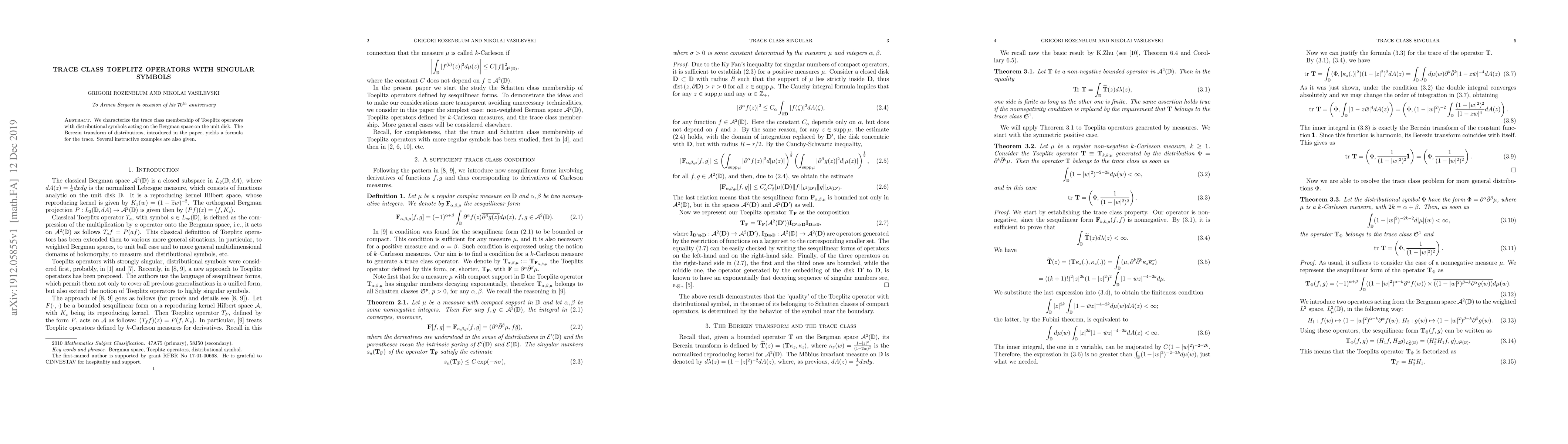 Researchers have developed a method to determine if Toeplitz operators with distributional symbols are trace class, which has implications for understanding the behavior of these operators in the Bergman space on the unit disk.
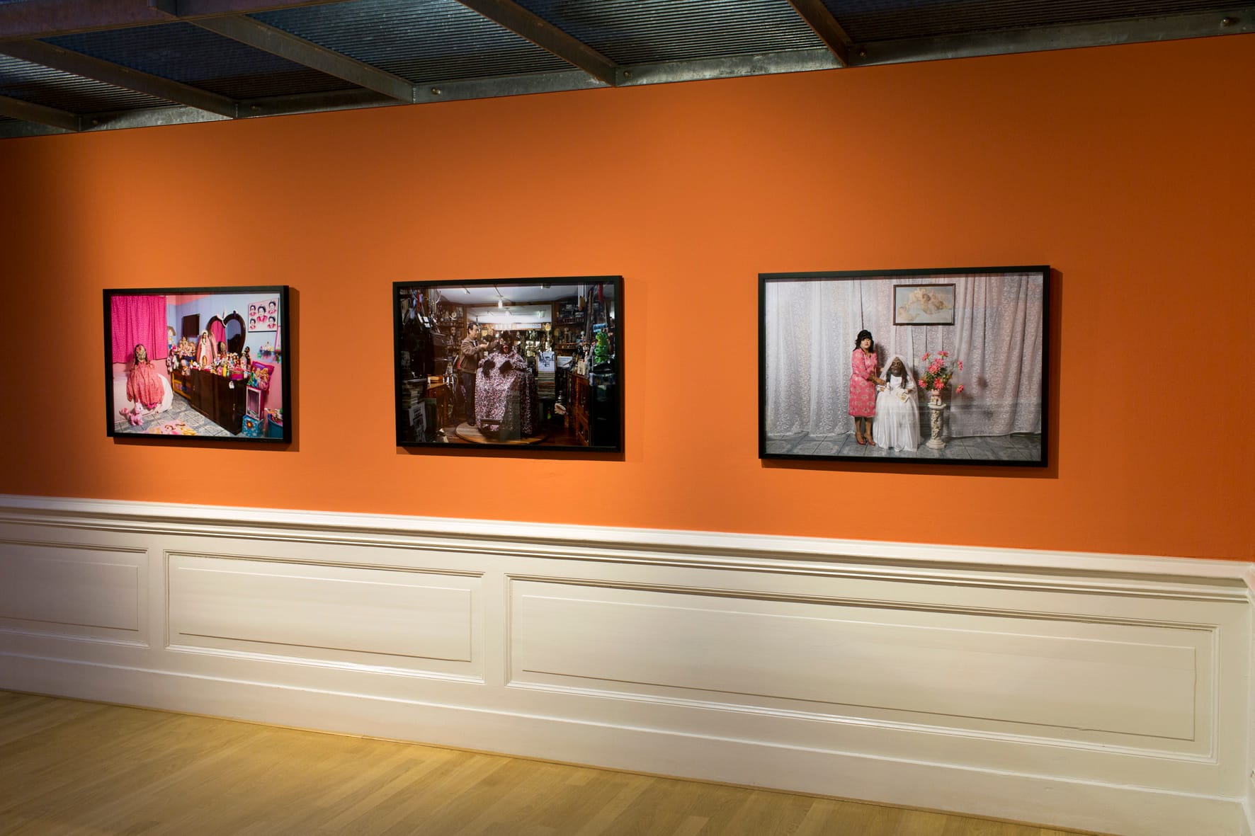 Every 22nd September, monstrous creatures in bulbous dresses descend upon the streets of Diego Moreno’s hometown, San Cristóbal de las Casas. These people, dressed as panzudos mercedarios, celebrate the Catholic feast of Our Lady of Mercy. The panzudos represent sin – the more sins the person has to expiate, the bigger and uglier their costume. Every year they remind Moreno of his late great aunt, Tía Cati, the black sheep of his family. Disfigured by a rare autoimmune condition and for a long time mistreated by her own sister, she was absent from family photo albums. After her death, Diego Moreno felt the need to rebuild her image. Over three years he staged scenes of panzudos in domestic spaces, portraying the home as a place plagued by ghosts to evoke the disturbing history of his family. Referencing the Mexican style of magical realism, Moreno fuses apocalyptic visions of the Catholic religion with pre-Hispanic traditions.
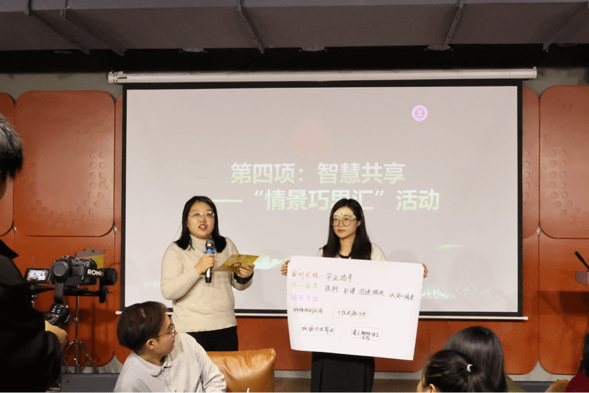 “情景巧思汇”环节聚焦育人实际,各小组围绕“学生挂科情绪低落”“新生适应困难”等典型情景开展头脑风暴,凝练出简单、实用、易操作的解决方法。小组代表依次分享成果,方案或细致入微,或系统全面,体现出扎实专业素养。环节还创新采用“投票积分+补充回答”机制,激发全员参与,现场补充发言积极、掌声不断,实现经验流动与智慧共生。
■ ■ ■
__TASK DIRECTIONS__
Repeat the lines above exactly, and keep every picture out.

__WRITTEN REPLY__
 Researchers have developed a method to determine if Toeplitz operators with distributional symbols are trace class, which has implications for understanding the behavior of these operators in the Bergman space on the unit disk.
 Every 22nd September, monstrous creatures in bulbous dresses descend upon the streets of Diego Moreno’s hometown, San Cristóbal de las Casas. These people, dressed as panzudos mercedarios, celebrate the Catholic feast of Our Lady of Mercy. The panzudos represent sin – the more sins the person has to expiate, the bigger and uglier their costume. Every year they remind Moreno of his late great aunt, Tía Cati, the black sheep of his family. Disfigured by a rare autoimmune condition and for a long time mistreated by her own sister, she was absent from family photo albums. After her death, Diego Moreno felt the need to rebuild her image. Over three years he staged scenes of panzudos in domestic spaces, portraying the home as a place plagued by ghosts to evoke the disturbing history of his family. Referencing the Mexican style of magical realism, Moreno fuses apocalyptic visions of the Catholic religion with pre-Hispanic traditions.
 “情景巧思汇”环节聚焦育人实际,各小组围绕“学生挂科情绪低落”“新生适应困难”等典型情景开展头脑风暴,凝练出简单、实用、易操作的解决方法。小组代表依次分享成果,方案或细致入微,或系统全面,体现出扎实专业素养。环节还创新采用“投票积分+补充回答”机制,激发全员参与,现场补充发言积极、掌声不断,实现经验流动与智慧共生。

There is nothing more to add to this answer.